A successful claim of monopoly leveraging requires proof of at least three factors: monopoly power in one market, "`the use of [that] power, however lawfully acquired, to foreclose competition, to gain a competitive advantage, or to destroy a competitor'" in another distinct market, Berkey Photo, Inc. v. Eastman Kodak Co., 603 F.2d 263, 275 (2d Cir. 1979) (quoting United States v. Griffith, 334 U.S. 100, 107, 68 S.Ct. 941, 945, 92 L.Ed. 1236 (1948)), cert. denied, 444 U.S. 1093, 100 S.Ct. 1061, 62 L.Ed.2d 783 (1980), and injury caused by the challenged conduct. The district court assumed the existence of the first factor. While we might not agree, we need not consider the issue because the court's conclusion was clearly correct on the second question, which is dispositive.

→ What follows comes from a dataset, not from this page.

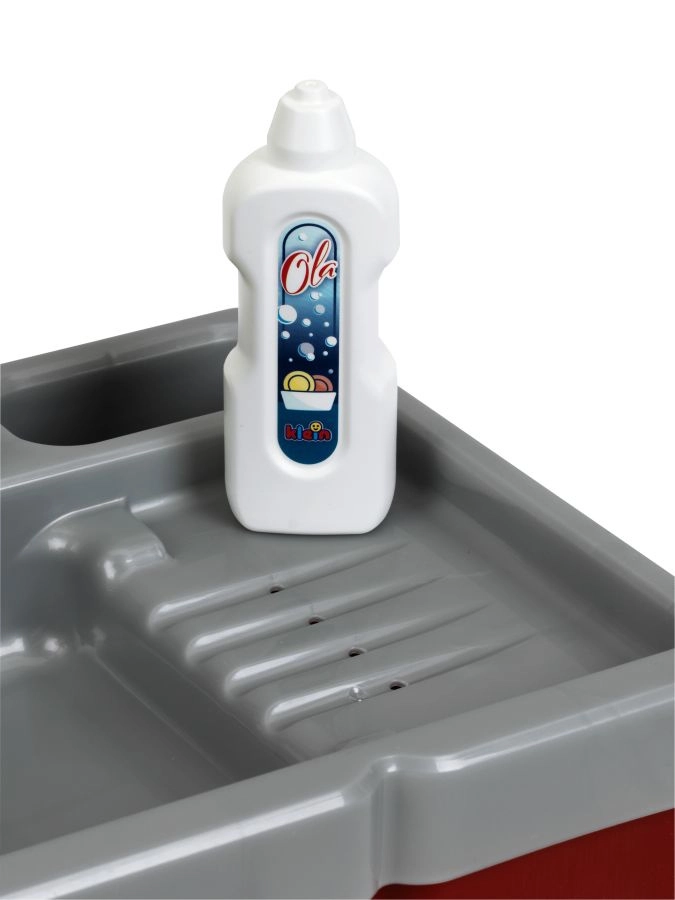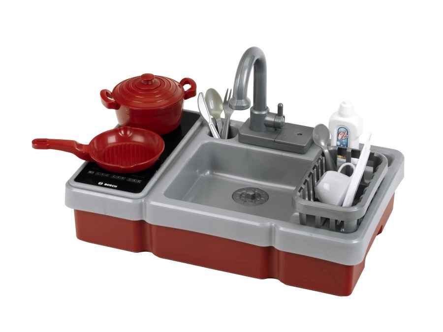 Stačí naplnit nádržku a otočit ovladačem – voda proudí jako u opravdového dřezu. Děti si bezpečně vyzkouší mytí talířů i příborů.

The court found that plaintiff had not sustained its burden of showing that defendants used whatever market power they had to gain a competitive advantage. In the absence of proof of such abuse of market power, defendants' termination of plaintiff and certain other distributors must be viewed as legitimate conduct of a successful business. See United States v. Aluminum Company of America, 148 F.2d 416, 430 (2d Cir. 1945) (L. Hand, J.). ("The successful competitor, having been urged to compete, must not be turned upon when he wins."); see also Berkey Photo, Inc., 603 F.2d at 276 ("[A] large firm does not violate § 2 [of the Sherman Act] simply by reaping the competitive rewards attributable to its efficient size."). The district court's rejection of plaintiff's monopoly leveraging claim was not clearly erroneous. Thus, we affirm this portion of the judgment.
CONCLUSION
We reverse that portion of the district court's judgment that concluded that Connecticut's Franchise Act applied to the relationship between plaintiff and defendants and hold that the distributorship agreement applied but that no violation of its terms occurred. We vacate that portion of the judgment holding that plaintiff's post-trial brief stated a claim under CUTPA and remand for trial on the issue of the existence of a CUTPA violation. The district court's rejection of plaintiff's cross-appeal is affirmed.